President Tayyip Erdogan defended Turkey’s withdrawal on Thursday from an international treaty to prevent violence against women, a move that has drawn condemnation from many Turks and Western allies.

The Istanbul Convention, negotiated in Turkey’s biggest city and signed in 2011, committed its signatories to prevent and prosecute domestic violence and promote equality. Erdogan announced the withdrawal in March in favour of local laws to protect women’s rights.

Thousands were set on Thursday to protest the decision across Turkey, where femicide has surged. A court appeal to halt the withdrawal was rejected this week.

“Some circles are trying to portray our withdrawal from the Istanbul Convention as a step backwards in our battle with violence against women,” he said during a speech in Ankara to present an alternative action plan.

“Our battle did not start with the Istanbul Convention and it will not end with our withdrawal from the treaty,” he said.

Ankara’s withdrawal triggered condemnation from both the United States and the European Union, and critics say it puts Turkey even further out of step with the bloc that it applied to join in 1987.

Three opposition parties also pulled out of a parliamentary commission on Thursday to protest the decision.

“We will continue our struggle,” Canan Gullu, president of the Federation of Turkish Women’s Associations, said on Wednesday. “Turkey is shooting itself in the foot with this decision.”

She said that since March, women and other vulnerable groups had been more reluctant to ask for help and less likely to receive it, with COVID-19-fuelled economic difficulties causing a dramatic increase in violence against them.

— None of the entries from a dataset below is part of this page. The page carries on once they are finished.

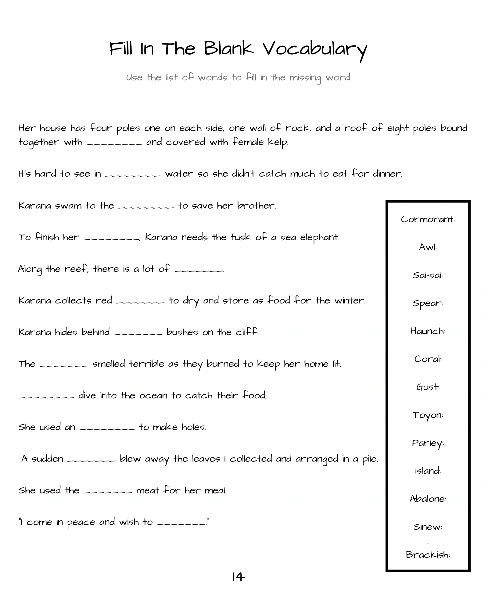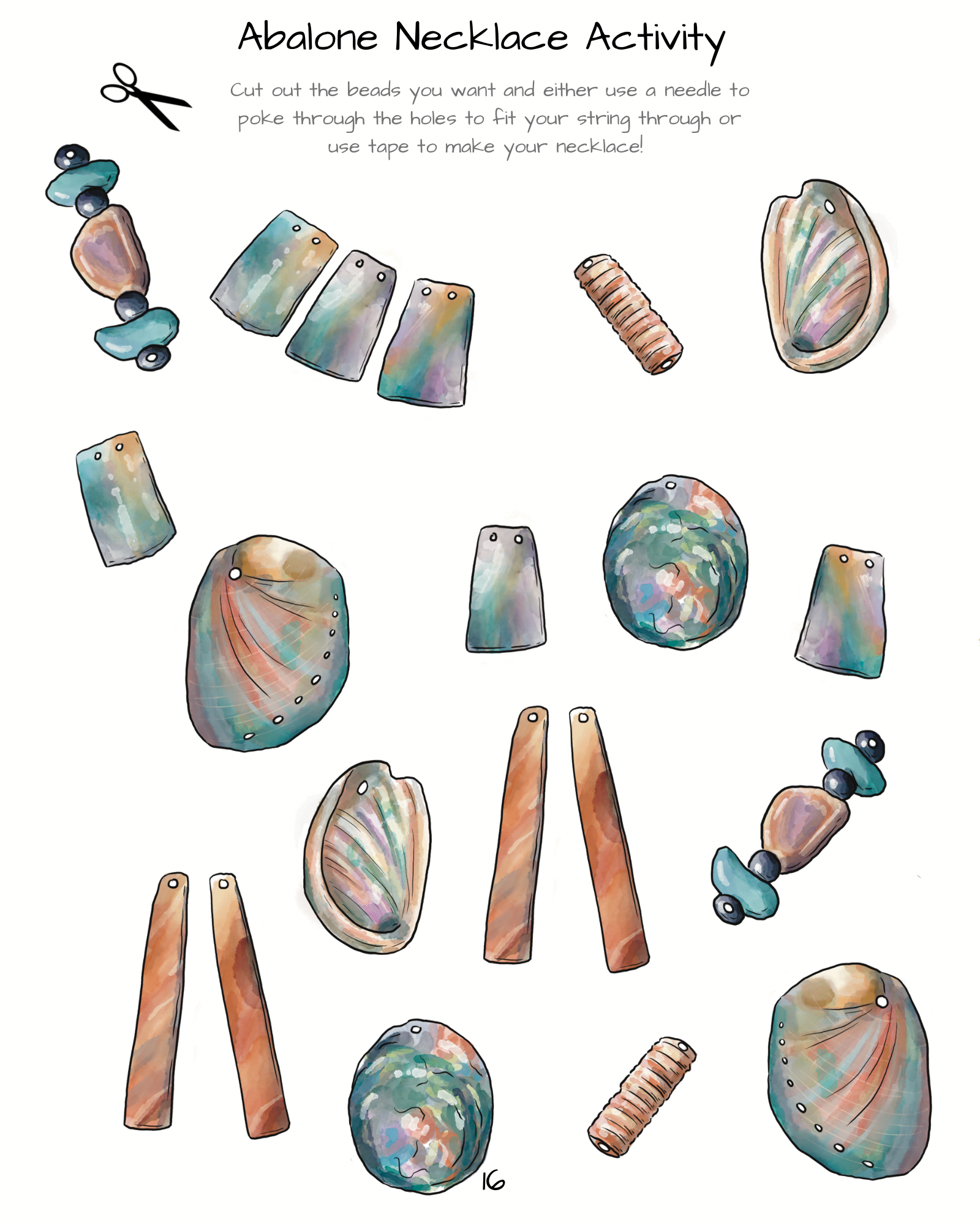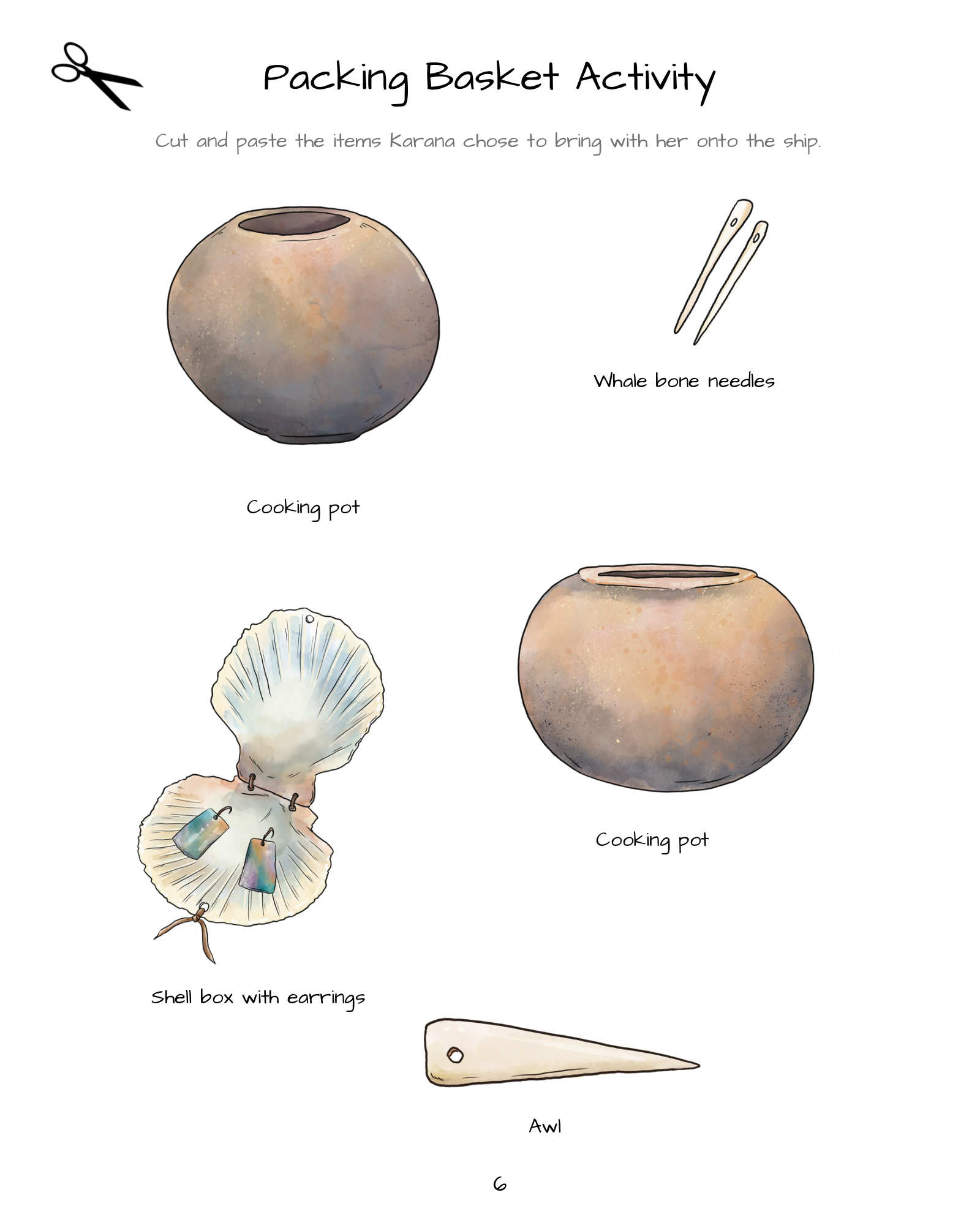 There are interactive paper crafts such as creating her abalone necklaces and packing her basket for the trip.
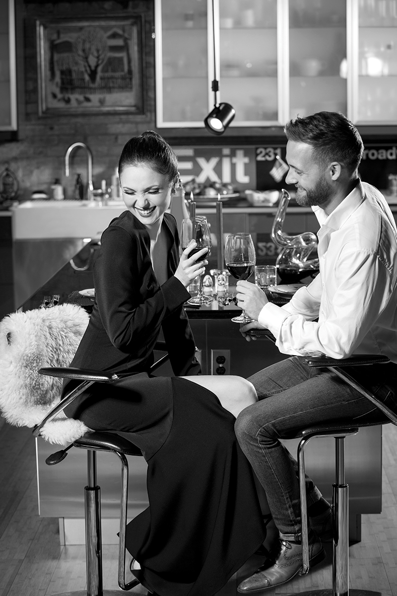 An intimate dinner for two is served; Jessi is wearing a Stella Thomas Designs black custom dress and Kris’ white shirt is from Ty Hirtzel.
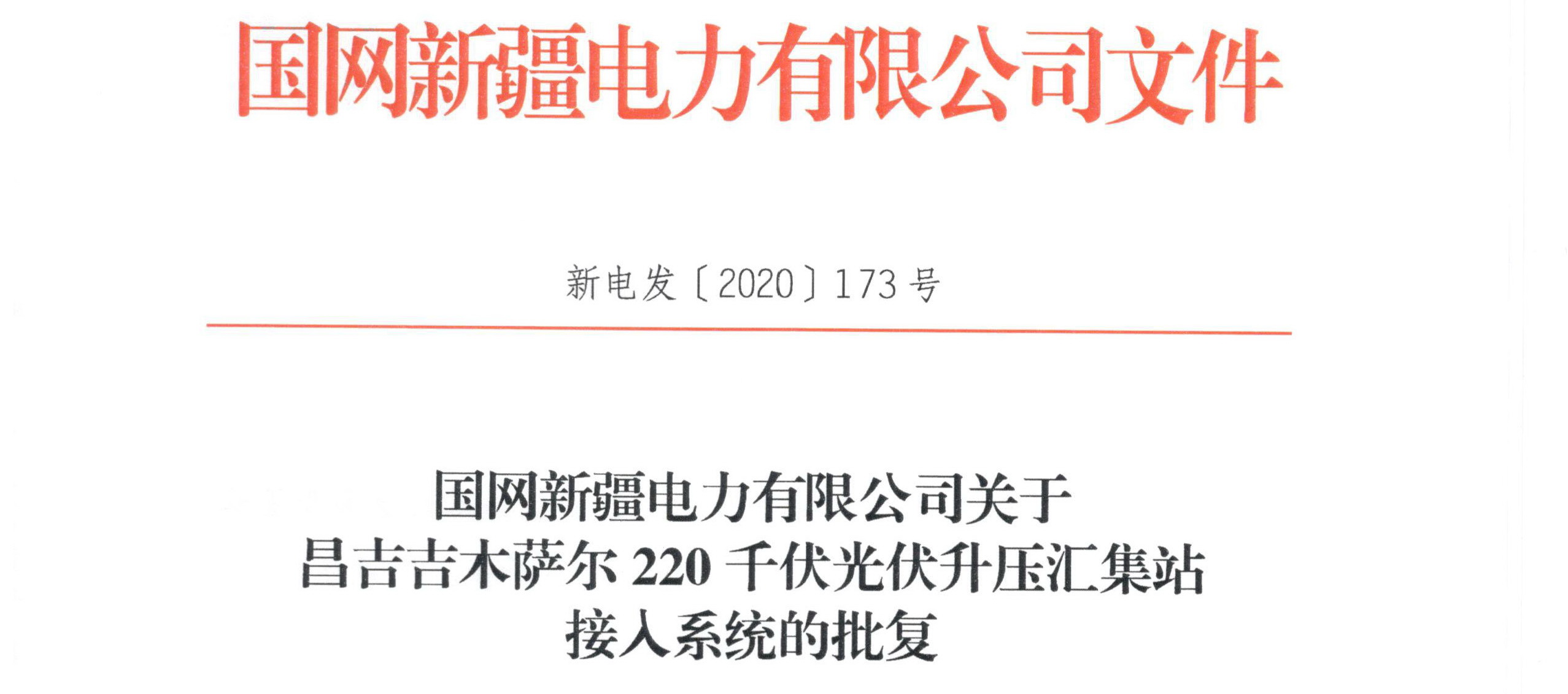 吉木萨尔县猛狮光电牵头建设的220千伏光伏升压汇集站获准接入国网新彊电力系统
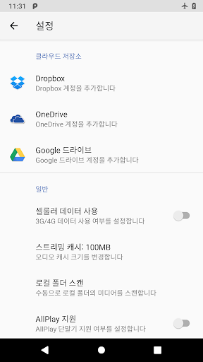 Dropbox, OneDrive 및 Google 드라이브 용 클라우드 음악 :
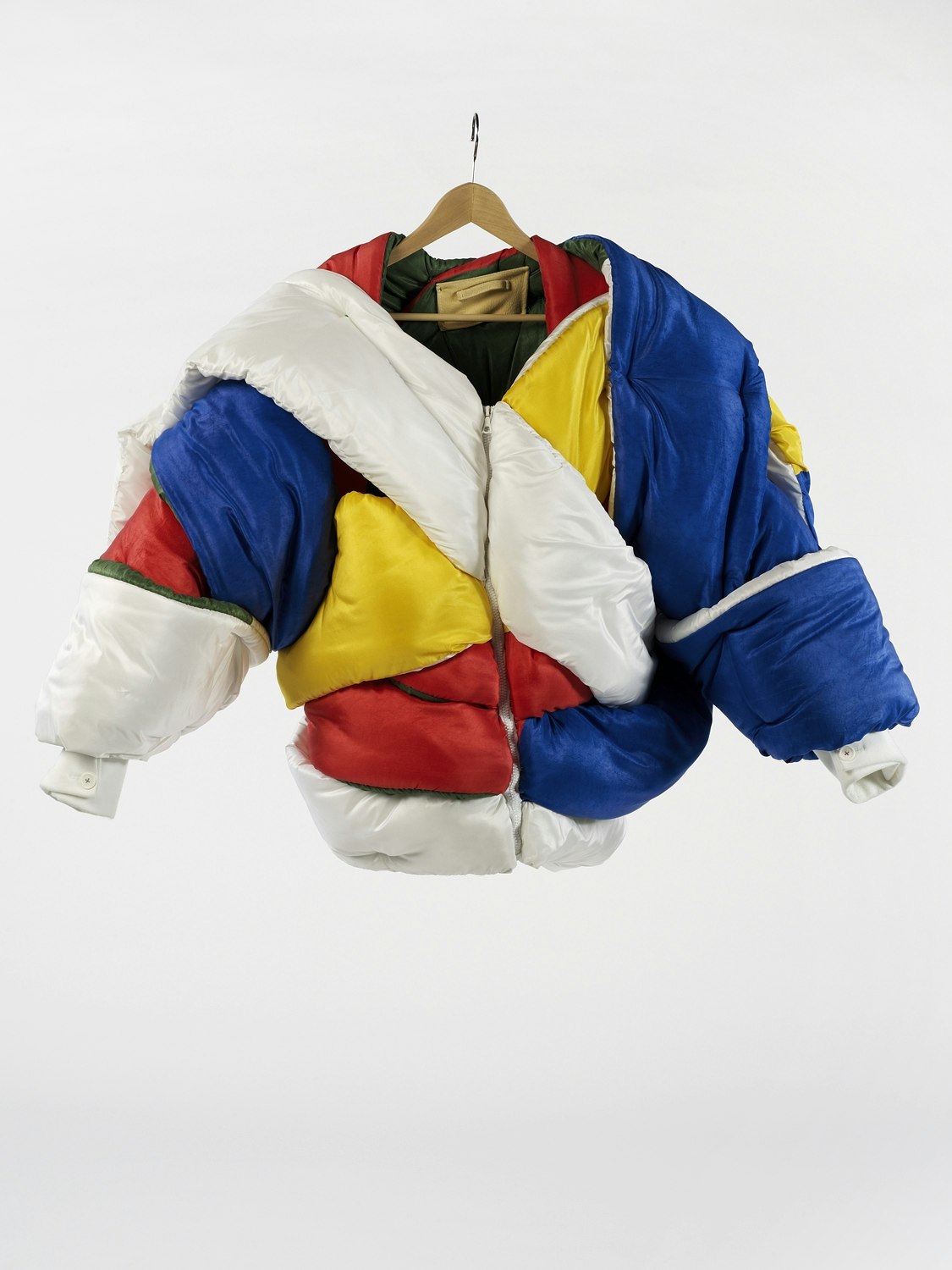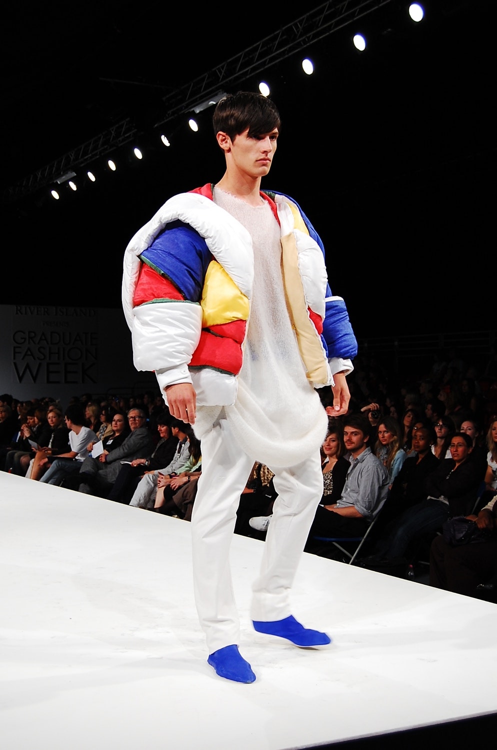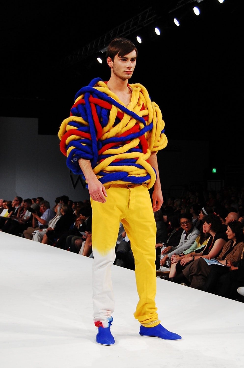 Comment parvenir à se positionner lorsqu'on est un jeune styliste de mode masculine? Il s'agit là d'un sujet épineux, car les hommes, ces 'maîtres de la création', sont connus pour leur conformisme et la modération de leurs goûts. Dominic Knecht surprend avec une flamboyante collection de vingt modèles, dessinée pour son travail de bachelor à la Hochschule für Gestaltung und Kunst de Bâle (FHNW). C'est d'abord l'expression courageuse d'un point de vue et un témoignage de sa passion pour les expériences. Le nom de la collection commence par un 'Do not construct the fashion...' pour se terminer par un intrépide: '...let the fashion construct itself'. Le postulat de Dominic Knecht, c'est que la mode doit s'adapter au corps, et c'est donc sur le corps qu'il dessine ses vêtements. Le styliste bâlois commence par envelopper le corps des hommes, pour trouver ses formes et ses matériaux. Il enveloppe les mannequins de couturière de fils ou de bandages, les mannequins de chair et d'os d'étoffe jersey. Il expérimente avec les matériaux, comme la soie, jusqu'à trouver les justes volumes. D'une manière générale, Knecht s'intéresse aux déplacements, aux superpositions et aux détournements. Les boudins jaunes, rouges et bleus qu'il enroule autour du torse font un effet clownesque, car si les épaules larges et les hanches étroites font partie des canons de la beauté masculine, Knecht prêche tout le contraire. Il enveloppe les épaules pour les faire paraître plus étroites, mais élargit, en revanche, les hanches des hommes avec ses pantalons bouffants. Knecht recourt assez volontiers à des exagérations grotesques: il entoure les épaules d'éléments boudinés jusqu'à obtenir une silhouette surdimensionnée de joueur de hockey. Dans d'autres projets, il s'intéresse à la transparence: ses chemises de fils laissent apparaître la peau nue, ce qui, d'ordinaire, caractérise plutôt la mode féminine. La collection de diplôme de Knecht est une affirmation énergique et elle s'adresse à des hommes assez courageux pour porter ce genre de mode conceptuelle. Ces hommes qui, d'après Knecht, allient en eux 'force et sensibilité, naïveté et coolness'. Sa collection, audacieuse et inhabituelle dans ses combinaisons de formes et de couleurs, remet radicalement en question l'image traditionnelle de la masculinité.

One monitoring group has logged roughly one femicide per day in Turkey since a sharp rise five years ago.

Proponents of the convention and related legislation say more stringent implementation is needed.

But many conservatives in Turkey and in Erdogan’s Islamist-rooted AK Party say the pact undermines the family structures that protect society.

Some also see the Convention as promoting homosexuality through its principle of non-discrimination on grounds of sexual orientation.

Ditching the pact “will not lead to any legal or practical shortcoming in the prevention of violence against women,” Erdogan’s office said Tuesday to the administrative court that rejected the appeal.

This month, Council of Europe Commissioner for Human Rights Dunja Mijatovic sent a letter to Turkey’s interior and justice ministers expressing concern about a rise in homophobic narratives by some officials, some of which targeted the convention.

“All the measures provided for by the Istanbul Convention reinforce family foundations and links by preventing and combating the main cause of destruction of families, that is, violence,” she said.